- Git clone the repository.
git clone repo_url
- Optional: download uv and install it in your environment. You can also use pip to install the requirements.
pip install uv
- Create a virtual environment and activate it.
uv venv # or python -m venv .venv
source .venv/bin/activate
- Compile requirements based on your environment.
uv pip compile builder/requirements.in -o builder/requirements.txt # uv is optional, but recommended
- Install the requirements.
uv pip sync builder/requirements.txt
-
Download the models from huggingface and save them in the
models_hub
directory before building.
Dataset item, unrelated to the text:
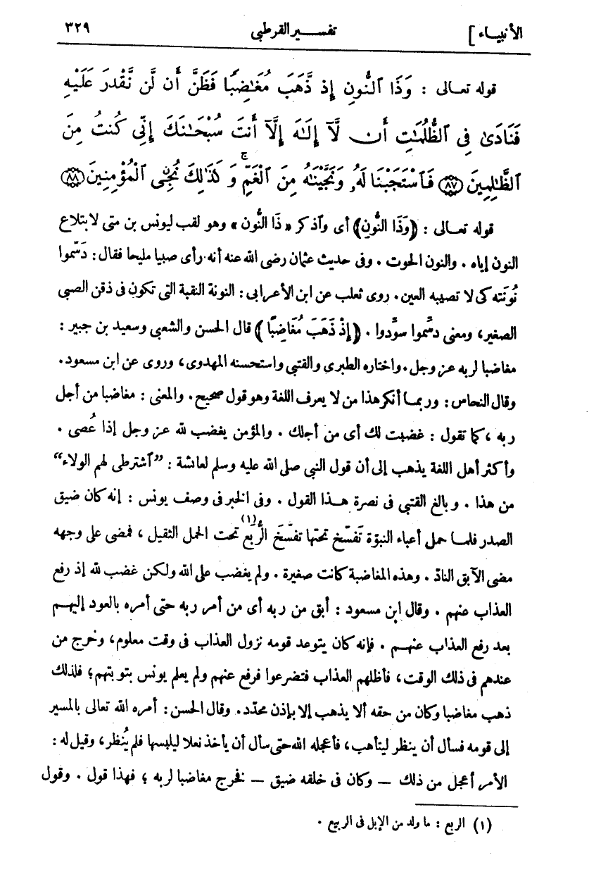 قوله تعالى: (وَذَا النُّونِ) أَيْ وَاذْكُرْ" ذَا النُّونِ" وَهُوَ لَقَبٌ لِيُونُسَ بْنِ مَتَّى لِابْتِلَاعِ النُّونِ إِيَّاهُ. وَالنُّونُ الْحُوتُ. وَفِي حَدِيثِ عُثْمَانَ رَضِيَ اللَّهُ عَنْهُ أَنَّهُ رَأَى صَبِيًّا مَلِيحًا فَقَالَ: دَسِّمُوا نُونَتَهُ كَيْ لَا تُصِيبَهُ الْعَيْنُ. رَوَى ثَعْلَبٌ عَنِ ابْنِ الْأَعْرَابِيِّ: النُّونَةُ النُّقْبَةُ الَّتِي تَكُونُ فِي ذَقَنِ الصَّبِيِّ الصَّغِيرِ، وَمَعْنَى دَسِّمُوا سَوِّدُوا. (إِذْ ذَهَبَ مُغاضِباً) قَالَ الْحَسَنُ وَالشَّعْبِيُّ وَسَعِيدُ بْنُ جُبَيْرٍ: مُغَاضِبًا لِرَبِّهِ عَزَّ وَجَلَّ. وَاخْتَارَهُ الطَّبَرِيُّ وَالْقُتَبِيُّ وَاسْتَحْسَنَهُ الْمَهْدَوِيُّ، وَرُوِيَ عَنِ ابْنِ مَسْعُودٍ. وقال النحاس: وربما أنكره هَذَا مَنْ لَا يَعْرِفُ اللُّغَةَ وَهُوَ قَوْلٌ صَحِيحٌ. وَالْمَعْنَى: مُغَاضِبًا مِنْ أَجْلِ رَبِّهِ، كَمَا تَقُولُ: غَضِبْتُ لَكَ أَيْ مِنْ أَجْلِكَ. وَالْمُؤْمِنُ يَغْضَبُ لِلَّهِ عَزَّ وَجَلَّ إِذَا عُصِيَ. وَأَكْثَرُ أَهْلِ اللُّغَةِ يَذْهَبُ إِلَى أَنَّ قَوْلَ النَّبِيِّ صَلَّى اللَّهُ عَلَيْهِ وَسَلَّمَ لِعَائِشَةَ: (اشْتَرِطِي لَهُمُ الْوَلَاءَ) مِنْ هَذَا. وَبَالَغَ الْقُتَبِيُّ فِي نُصْرَةِ هَذَا الْقَوْلِ. وَفِي الْخَبَرِ فِي وَصْفِ يُونُسَ: إِنَّهُ كَانَ ضَيِّقَ الصَّدْرِ فَلَمَّا حَمَلَ أَعْبَاءَ النُّبُوَّةِ تَفَسَّخَ تَحْتَهَا تَفَسُّخَ الرُّبَعِ «١» تَحْتَ الْحِمْلِ الثَّقِيلِ، فَمَضَى عَلَى وَجْهِهِ مُضِيَّ الْآبِقِ النَّادِّ. وَهَذِهِ الْمُغَاضَبَةُ كَانَتْ صَغِيرَةً. وَلَمْ يَغْضَبْ عَلَى اللَّهِ وَلَكِنْ غَضِبَ لِلَّهِ إِذْ رَفَعَ الْعَذَابَ عَنْهُمْ. وَقَالَ ابْنُ مَسْعُودٍ: أَبَقَ مِنْ رَبِّهِ أي من أمر ربه حتى أمره بالعودة إِلَيْهِمْ بَعْدَ رَفْعِ الْعَذَابِ عَنْهُمْ. فَإِنَّهُ كَانَ يتوعد قومه نزول الْعَذَابِ فِي وَقْتٍ مَعْلُومٍ، وَخَرَجَ مِنْ عِنْدِهِمْ فِي ذَلِكَ الْوَقْتِ، فَأَظَلَّهُمُ الْعَذَابُ فَتَضَرَّعُوا فَرُفِعَ عَنْهُمْ وَلَمْ يَعْلَمْ يُونُسُ بِتَوْبَتِهِمْ، فَلِذَلِكَ ذَهَبَ مُغَاضِبًا وَكَانَ مِنْ حَقِّهِ أَلَّا يَذْهَبَ إِلَّا بِإِذْنٍ مُحَدَّدٍ. وَقَالَ الْحَسَنُ: أَمَرَهُ اللَّهُ تَعَالَى بِالْمَسِيرِ إِلَى قَوْمِهِ فَسَأَلَ أَنْ يُنْظَرَ لِيَتَأَهَّبَ، فَأَعْجَلَهُ اللَّهُ حَتَّى سَأَلَ أَنْ يَأْخُذَ نَعْلًا لِيَلْبَسَهَا فَلَمْ يُنْظَرْ، وَقِيلَ لَهُ: الْأَمْرُ أَعْجَلُ مِنْ ذَلِكَ- وَكَانَ فِي خُلُقِهِ ضِيقٌ- فَخَرَجَ مغاضبا لربه، فهذا قول. وقول

See src/download_models.py for more details. -
Run the service locally using the following command.
python3 src/handler.py --rp_serve_api
- The Embedding service is now running on
http://localhost:8000/
. You can test it using the following command.
curl --request POST \
--url http://localhost:8000/runsync \
--header 'Content-Type: application/json' \
--data '{"input": {"task": "query","input_data": ["hello"]}}'
The service is deplyed via Docker. The Dockerfile is located in the root directory. Due to GPU requirements, the service works well either on a mac chips with MPS backend (local development) or on a linux machine with CUDA installed (production).
- Test locally without docker (recommended on MacOS)
python src/handler.py --rp_serve_api
- Build and publish image version is usually date e.g. 20240930 or 20240930
./build_publish.sh {org} {repo}
- Push image to docker hub manually (instead of using buld_publish.sh - aka, you want a specific version)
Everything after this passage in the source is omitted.